Lauren Caminero Susana utilizes painting, drawing, sculpture, and printmaking to explore relationships between the body and mind. Influenced by themes such as grief & loss through the passage of time she uses self portraiture and depictions of the body to capture the displacement of not feeling here nor there. Her current work focuses on her struggles with identity & self acceptance as she continues to deal with the sudden death of her mother as a teen.
Emelin Peralta explores navigating emotions during different stages of her life. “The human body reacts to your emotions, things that can not be seen, they can only be felt.” Using painting and drawing, she mainly works with self portraiture to convey invisible emotions. Her use of symbolism, romanticism, and abstract expressionism can be seen throughout.
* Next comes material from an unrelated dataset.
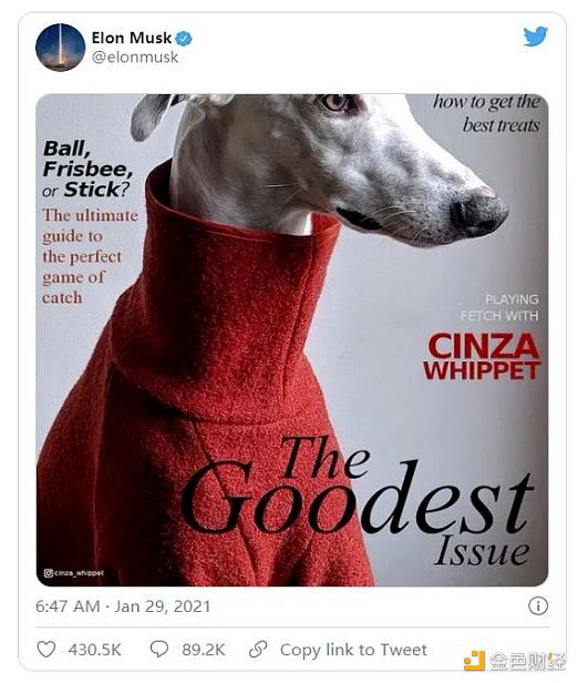 契机是狗狗币逐渐成为美国著名网上论坛Reddit的打赏货币,因为便宜,受到大量网民和名人的青睐,也算得上是第一个对标的实用场景。
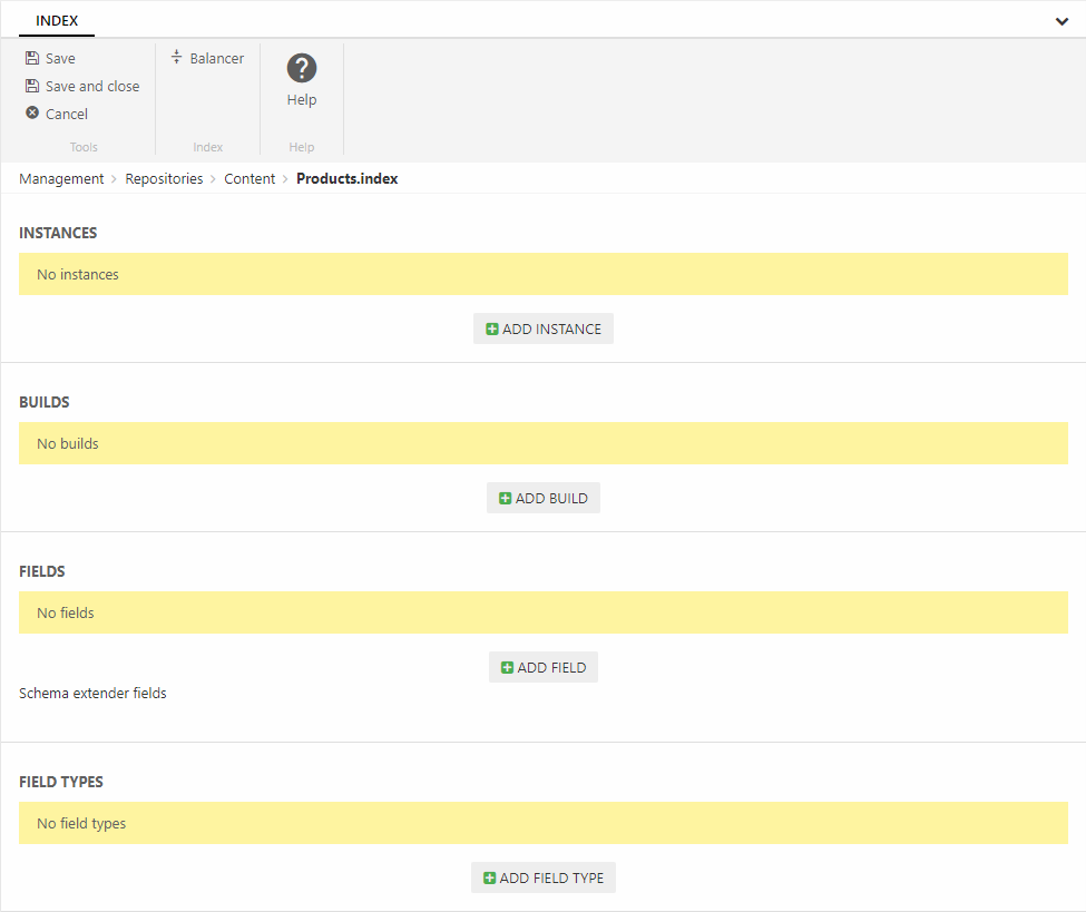 This creates an empty index (Figure 1.2) – you should now add instances to it.

Leonie Smith focuses on forging the gap between past and present using real and imagined scenarios. Utilizing printmaking, painting, and drawing, she uses aspects of childhood memories in humorous or creepy ways. “I move through the world as someone who deals with anxiety, my work is a reflection of scenarios both lived and imagined as a form of escapism.”
Jahzeel E. Peralta uses sculpture and drawing to create her sculptures that embody the emotional and mental battles that “go unheard of but speak loudly in silence.” The interweaving grotto and monumental scales are monoliths, juxtaposed with niche sceneries. They combine to create the narratives of life, death, fear, anxiety, and the transcendent merit of life.
Destiny Jones is a multidisciplinary Bronx based artist, curator, and teaching artist. My art forms range from printmaking, ceramics, photography, and digital art. My work centers black feminism, identity, and growing pains, with a focus of intersectionality exploring the issues of the past that continue to perpetuate the modern world.